Да более или менее, думает полицейский. Но ограничивается лишь учтивым склонением головы. Вильявисенсио, повернувшись к посетителям спиной, направляется к своему столу.
— Да, вот еще что, — говорит он, усевшись. — Если бы мне по должности пришлось заниматься этим смрадным делом, я бы нанес, так сказать, упреждающий удар… Постарался бы немного, что ли, ускорить его ход.
— Вы имеете в виду, ваше превосходительство, взять кого-нибудь загодя?
Не обращая внимания на негодующий взгляд Гарсии Пико, Тисон полуобернулся с порога в ожидании ответа. И после недолгого молчания получил раздраженное и неприязненное:
— Я имею в виду убийцу и никого больше. Но сейчас, когда в город хлынуло такое множество чужаков, не удивлюсь, если преступник окажется из их числа.
Дом семейства Пальма — большой, красивый, настоящий господский дом, один из лучших в Кадисе, и Фелипе Мохарра с приятным чувством гордости сознает, что там служит его дочка Мари-Пас. Стоит возле площади Святого Франциска: четыре этажа с пятью балконами и главным подъездом смотрят на улицу Балуарте, а четыре других — на улицу Доблонес, где вход в контору и на склад. Мохарра, прислонясь к тумбе на противоположной стороне, в саморрском одеяле на плечах, в шляпе, туго надвинутой поверх платка, обтягивающего голову, ждет, когда выйдет дочка, и курит самокрутку из мелко накрошенного табака. Солевар — человек гордый, с нерушимыми понятиями о том, какое место кому подобает занимать в этом мире. А потому, когда Мари-Пас предложила подождать ее в патио, пройти за кованую узорчатую решетку, где пол выложен мраморной плиткой, три арки с колоннами ведут на главную лестницу, а на стене перед маленьким алтарем с образом Пречистой Девы Дель-Росарио горит лампадка, — отказался. Ему там быть не по чину.
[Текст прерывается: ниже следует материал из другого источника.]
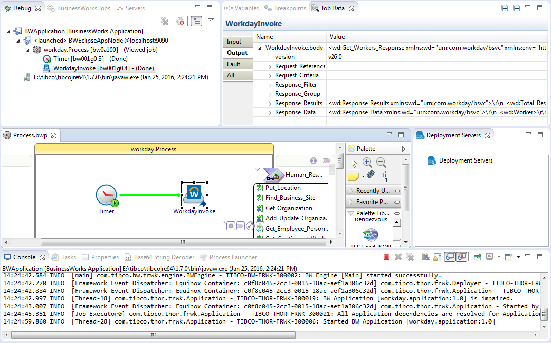 TIBCO Business Studio changes to the Debug perspective. The debug information is displayed in the Console view.
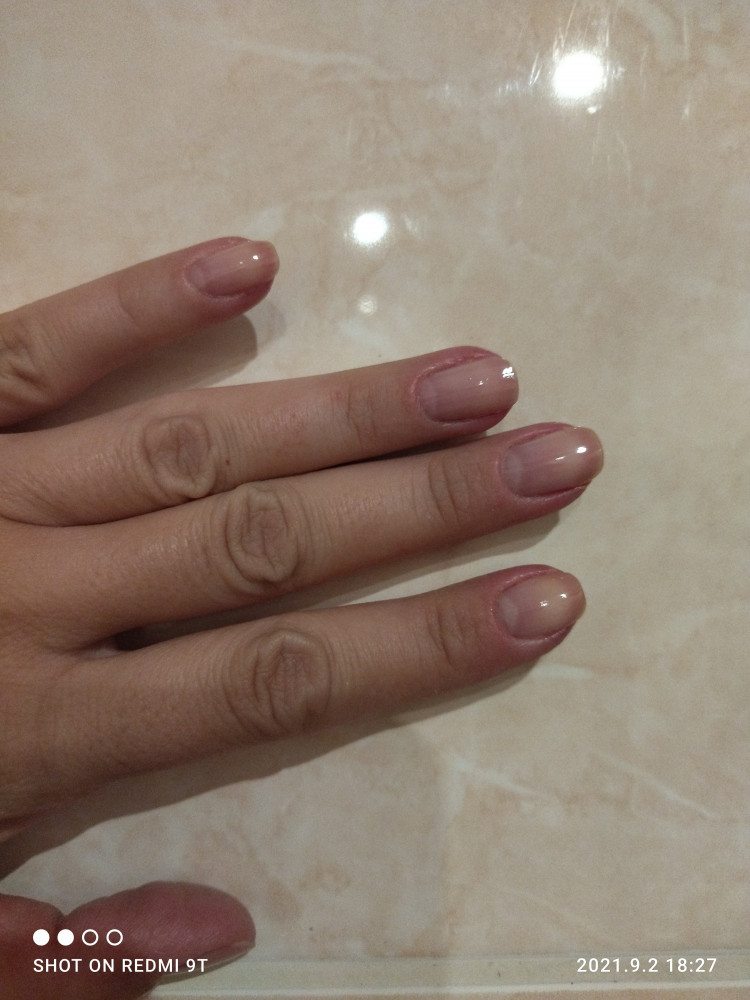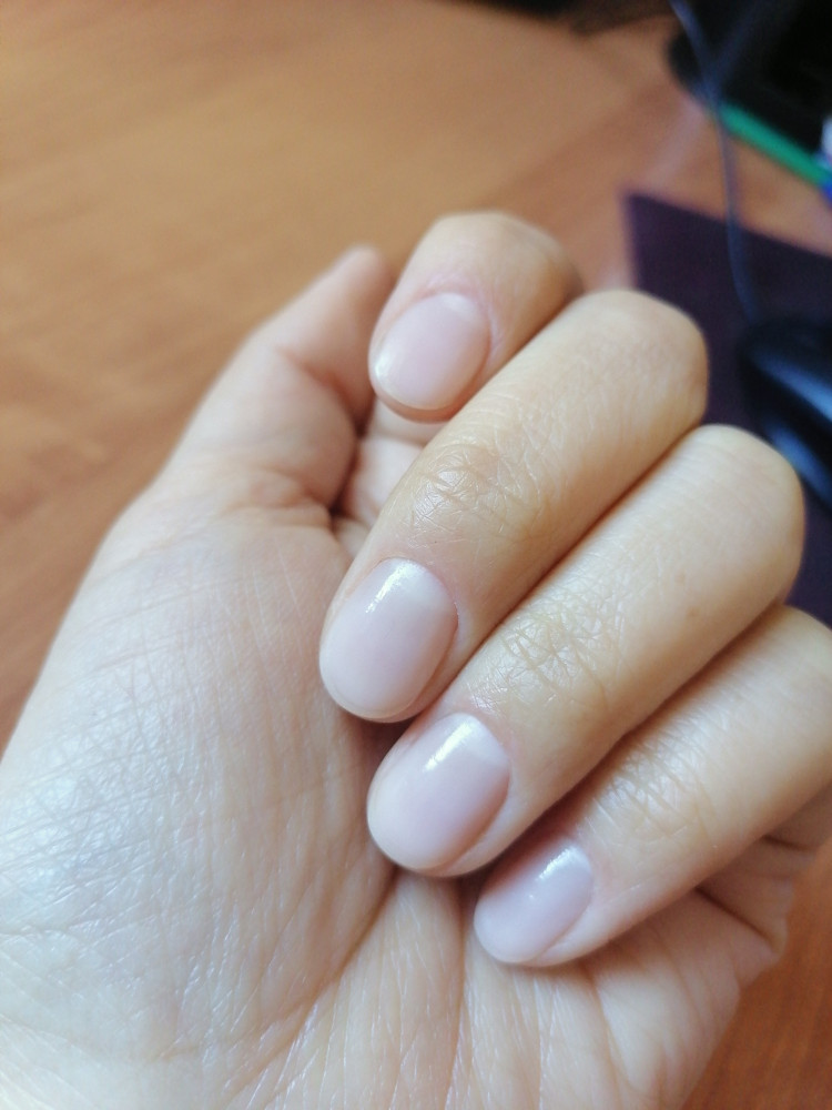 Сразу после нанесения на ногти понравился их внешний вид: гладкие,с лёгким розовым оттенком. Высохли слои (два) быстро. Но вот на следующий день гладкости такой и глянца уже не было и вид, как будто неделю относила и при нанесении не дала нормально просохнуть.

Его место — каналы и болота, его задубелым, сожженным солью ногам неуютно в альпаргатах, надетых по случаю приезда в город, — поскорей бы уж их сбросить. Он выехал спозаранку, выправив разрешение честь по чести, благо капитан Вируэс отправился в Карраку на военный совет и он ему, стало быть, сегодня не понадобится. Вот Мохарра, уступая настоятельным просьбам жены, и отправился в город проведать дочку. Из-за войны и прочих обстоятельств они не виделись целых пять месяцев — с того дня, как по рекомендации приходского священника поступила к Пальма в услужение.
И вот она появляется наконец на улице Доблонес, и солевар умиленно смотрит, как она идет к нему в белом муслиновом переднике поверх темной юбки, в полушалке, покрывающем голову и плечи. Розовая. Здоровенькая. Видно, досыта ест, слава тебе господи. В Кадисе жизнь полегче, чем в Исле.
— Доброе утро, отец.
Они не целуются, не обнимаются. По улице прохожие ходят, с балконов соседи смотрят, а Мохарра — люди с понятиями: не любят, чтоб о них говорили. Солевар, заложив большие пальцы за кушак рядом с роговой рукоятью навахи из Альбасете, лишь ласково улыбается и рассматривает дочку, явно довольный тем, что видит. Выросла, расцвела. Почти женщина. Мари-Пас тоже улыбается, отчего на щеках играют ямочки — те же, что в детстве. Не то чтоб писаная красавица, конечно, но очень славненькая. Глаза большие, нежные. Шестнадцать лет. Чистенькая, нежная, какой всегда была.
— Как матушка?
— Здорова. И сестрички твои, и бабушка. Велели кланяться.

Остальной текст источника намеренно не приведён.